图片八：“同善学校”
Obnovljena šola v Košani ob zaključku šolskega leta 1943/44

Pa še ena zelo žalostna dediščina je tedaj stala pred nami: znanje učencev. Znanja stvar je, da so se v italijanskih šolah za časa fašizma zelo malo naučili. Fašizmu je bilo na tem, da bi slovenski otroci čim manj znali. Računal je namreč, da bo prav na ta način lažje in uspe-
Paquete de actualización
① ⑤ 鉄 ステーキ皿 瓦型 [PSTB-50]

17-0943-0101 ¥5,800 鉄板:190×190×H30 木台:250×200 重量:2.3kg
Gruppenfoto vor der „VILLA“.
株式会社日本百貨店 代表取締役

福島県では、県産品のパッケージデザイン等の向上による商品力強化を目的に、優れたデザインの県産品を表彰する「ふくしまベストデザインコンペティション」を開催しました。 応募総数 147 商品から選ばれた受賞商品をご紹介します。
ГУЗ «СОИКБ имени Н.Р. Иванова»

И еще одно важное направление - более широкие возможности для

----------

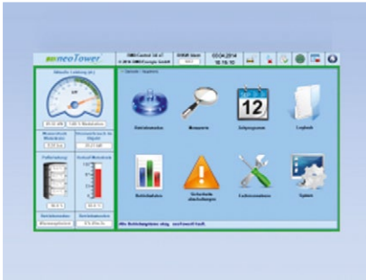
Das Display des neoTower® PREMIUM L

----------

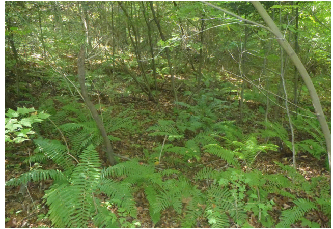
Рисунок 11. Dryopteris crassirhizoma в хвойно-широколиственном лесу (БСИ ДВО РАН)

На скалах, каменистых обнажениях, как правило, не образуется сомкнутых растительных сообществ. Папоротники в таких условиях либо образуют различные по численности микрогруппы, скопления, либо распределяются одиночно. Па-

----------

§ Exercise prompt: Look above for the line with "17-0943-0101 ¥5,800 鉄板:190×190×H30"; retype exactly that line, every line after it up to the line with "И еще одно важное", and that line too, nothing else.

§ Expected answer:
17-0943-0101 ¥5,800 鉄板:190×190×H30 木台:250×200 重量:2.3kg
Gruppenfoto vor der „VILLA“.
株式会社日本百貨店 代表取締役

福島県では、県産品のパッケージデザイン等の向上による商品力強化を目的に、優れたデザインの県産品を表彰する「ふくしまベストデザインコンペティション」を開催しました。 応募総数 147 商品から選ばれた受賞商品をご紹介します。
ГУЗ «СОИКБ имени Н.Р. Иванова»

И еще одно важное направление - более широкие возможности для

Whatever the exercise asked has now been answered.